Rares MG, Singer et Bentley aux enchères à Cergy-Pontoise
par Magazine des enchères
Le 4 juin, l’Hôtel des Ventes de Cergy-Pontoise accueillera une vente aux enchères de véhicules classiques en majorité britanniques et français. MG, Bentley, Singer et Citroën seront particulièrement représentés.
MG est considérée comme la marque britannique de roadsters par excellence et pour cause : elle fut la première à populariser ce type de carrosserie sportive et découverte, plébiscitée par les soldats américains stationnés en Grande-Bretagne durant la Seconde Guerre mondiale. L’Hôtel des Ventes de Cergy- Pontoise proposera le 4 juin une rarissime PA à compresseur de 1935, entièrement restaurée en 2012 et dotée d’un moteur refait en 2024 (30 000 euros). Elle sera accompagnée de deux exemplaires du dernier modèle à ailes séparées de la lignée, la TF. Un modèle en immatriculation étrangère de 1954 représente une opportunité grâce à ses frais de vente judiciaire réduits à 14,28 % et à son estimation particulièrement attractive de 8 000 euros, malgré un bel état de présentation. En conduite à gauche et en immatriculation française, l’autre modèle de 1955, en excellent état de fonctionnement, est lui estimé 20 000 euros.
Rares Singer et Bentley
A la même époque, MG n’était pas seule à produire ce genre de sportive, la petite marque Singer proposant la 4D, considérée par certains amateurs comme plus évoluée que la MG TF. En conduite à droite et accompagné de ses papiers étrangers, l’un de ces rares modèles, datant de 1955, sera proposé aux enchères avec une estimation attractive de 4 000 euros.
Autre anglaise peu courante, une Bentley « Derby » de 1935 à moteur 6 cylindres, étroitement dérivée de la Rolls-Royce 20/25, figure également au catalogue.
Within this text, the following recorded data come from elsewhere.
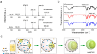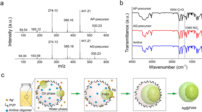 | Fig. 3. (a) TOF-MS of AP-precursor and AG-precursor, (b) FTIR spectra of AP-precursor, AG-precursor and pure aniline, and (c) schematic diagram of the proposed formation process of eccentric Ag@PANI structure in an oil/water biphasic system. | |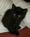 Чёрный котёнок 1,5 мес. от пушистой мамы ищет хозяина.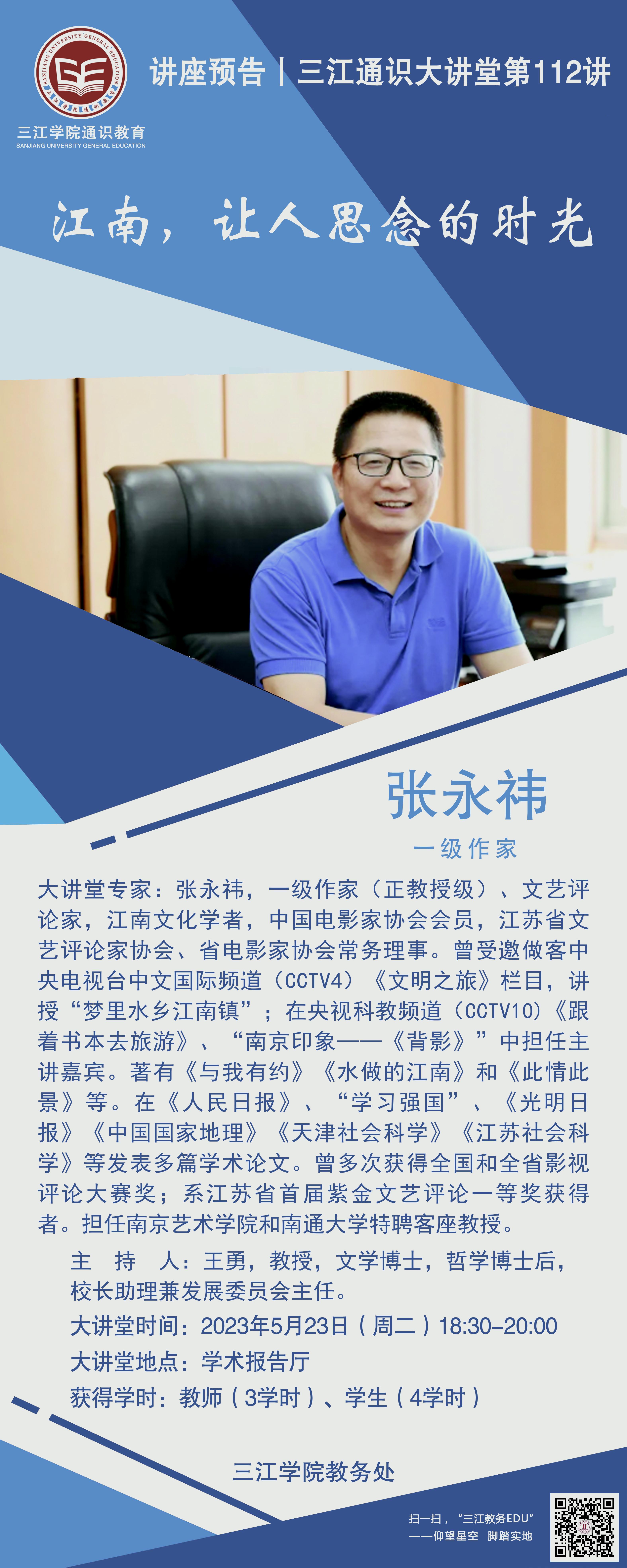 大讲堂专家:张永祎,一级作家(正教授级)、文艺评论家,江南文化学者,中国电影家协会会员,江苏省文艺评论家协会、省电影家协会常务理事。曾受邀做客中央电视台中文国际频道(CCTV4)《文明之旅》 栏目,讲授“梦里水乡江南镇”;在央视科教频道(CCTV10) 《跟着书本去旅游》、“南京印象一一《背影》 ”中担任主讲嘉宾。著有《与我有约》、《水做的江南》和《此情此景》等。在《人民日报》、“学习强国”、《光明日报》、《中国国家地理》、《天津社会科学》、《江苏社会科学》等发表多篇学术论文。曾多次获得全国和全省影视评论大赛奖;系江苏省首届紫金文艺评论一等奖获得者。担任南京艺术学院和南通大学特聘客座教授。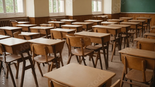 old-fashioned classroom featuring rows of wooden desks and chairs facing a clean, empty green chalkboard, indicative of a break in lessons or the end of a school day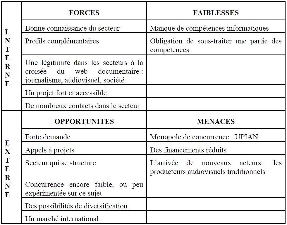 A la lecture de ce tableau, il apparaît que notre principal atout reste notre association. C’est à partir de nos profils respectifs et envies communes que nous avons décidé d’investir le web documentaire, c’est donc autour de ces mêmes éléments que nous allons bâtir notre projet de société.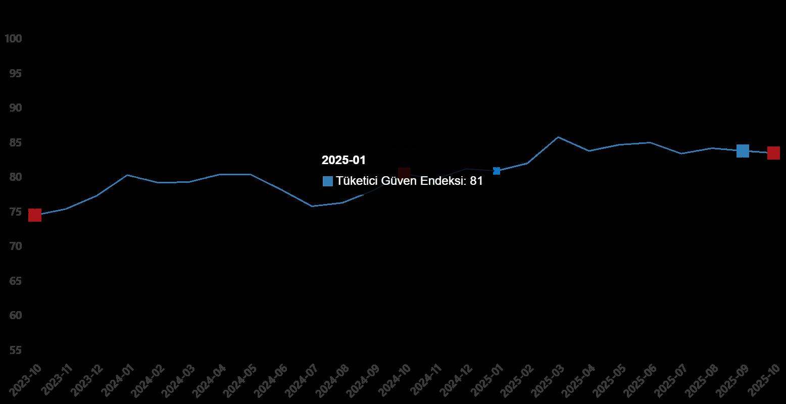 Türkiye İstatistik Kurumu ve Türkiye Cumhuriyet Merkez Bankası işbirliği ile yürütülen tüketici eğilim anketi sonuçlarından hesaplanan tüketici inanç endeksi, Eylül ayında 83,9 iken Ekim ayında %0,3 oranında azalarak 83,6 oldu.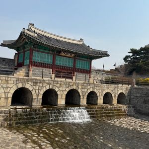 華城行宮まで数分車で移動してから、見学しました。車窓からも城内の様子を見られ、説明を受けることができます。40分程度見学後、伝統武芸24技と公演を見ることができました。ガイドさんから正面から見る方が良いと教えていただきましたが、本当に気迫あふれるものでした。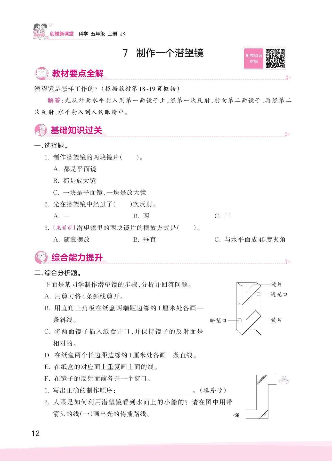 2023上册五年级科学教科版 第一单元 光——7 制作一个潜望镜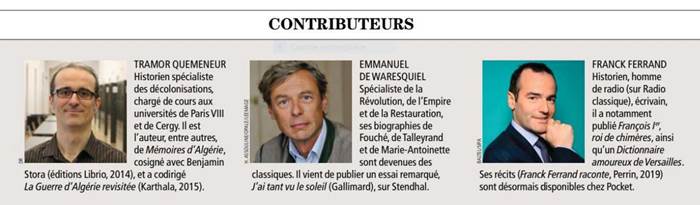 TRAMOR QUEMENEUR Historien spécialiste des décolonisations, chargé de cours aux universités de Paris VIII et de Cergy. Il est l'auteur, entre autres, de Mémoires d'Algérie, cosigné avec Benjamin Stora (éditions Librio, 2014), et a codirigé La Guerre d'Algérie revisitée (Karthala, 2015).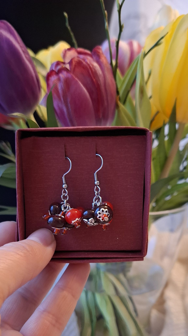 Kauniit punaiset käsin valmistetut lasihelmet rykelmänä korvakorukoukussa. Korvakorukoukku kirurginterästä.
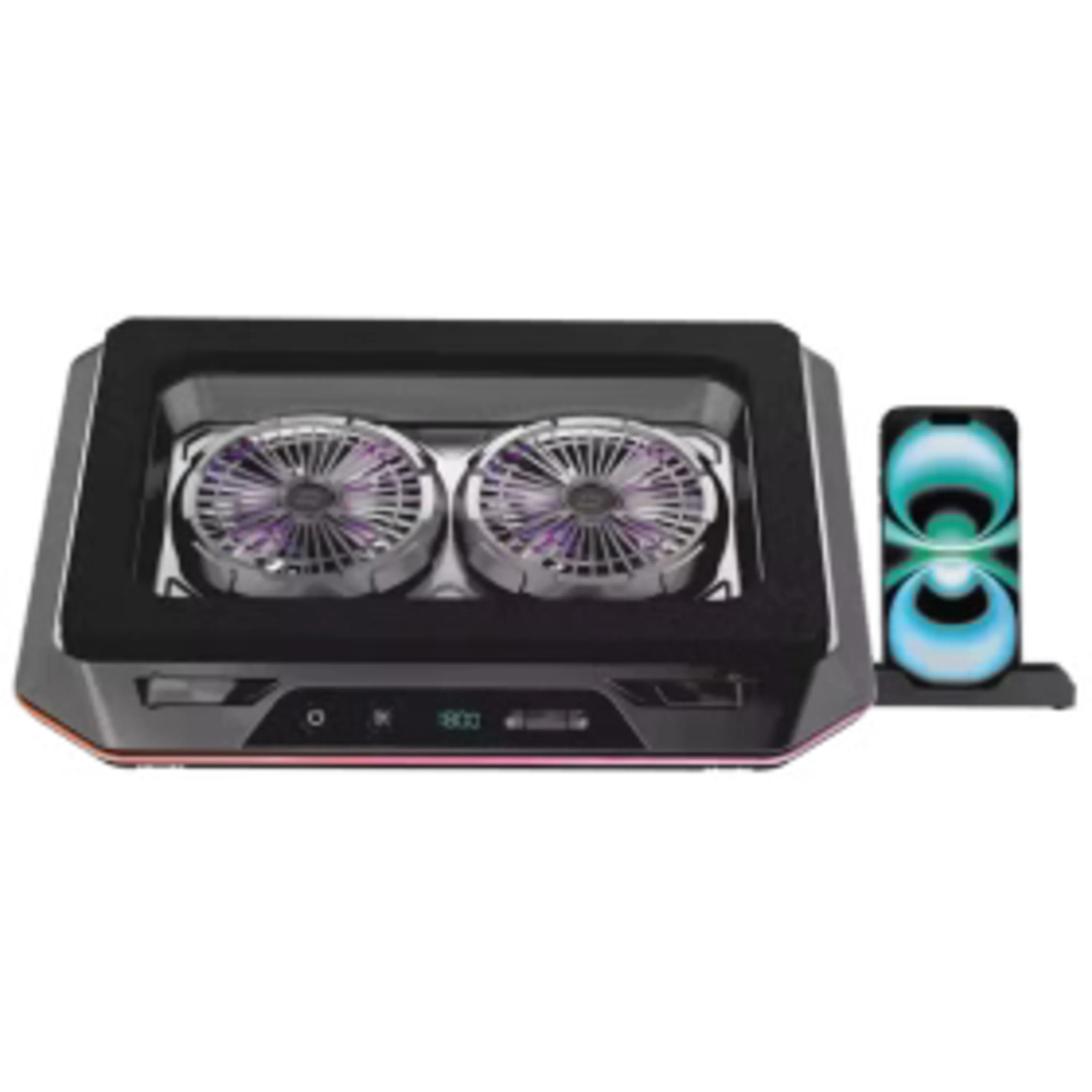 "Dual-Fan Gaming Cooling Pad with Large Fans and Air Pressure Cooling Technology, Adjustable fan speed control for customized cooling., Constructed with a durable plastic body., Equipped with USB and Type-C connectivity., Features an LCD display for fan speed and lighting control., Features large fans and air pressure cooling technology for optimal heat dissipation., Includes a mobile phone stand and 11-mode RGB lighting., Supports laptops up to 17 inches."

Cette berline est dotée de l’élégante carrosserie Park Ward, et bénéficie d’une restauration ancienne. Sa carte grise est étrangère, de quoi justifier son estimation très attractive située entre 30 000 et 40 000 euros.
Simca Marly et Citroën C6 peu kilométrée
Du côté des Françaises, on remarque un rare break Simca Marly de 1958 : l’unique break français à moteur V8 de l’histoire. Bénéficiant d’une restauration ancienne, il se présente en bon état de carrosserie et d’intérieur mais son moteur et ses freins sont bloqués : un moindre mal sur ce type de modèle (9 000 euros).
Dernière véritable héritière de la DS, la Citroën C6 sera représentée par deux exemplaires, dont un modèle 3.0 diesel de 2012 comptant seulement 63 454 km (8 000 – 11 000 euros). Enfin, l’une des dernières Panhard, une 24 CT de 1966, se distingue par son excellent état de présentation grâce à une peinture relativement récente (3 500 – 5 500 euros).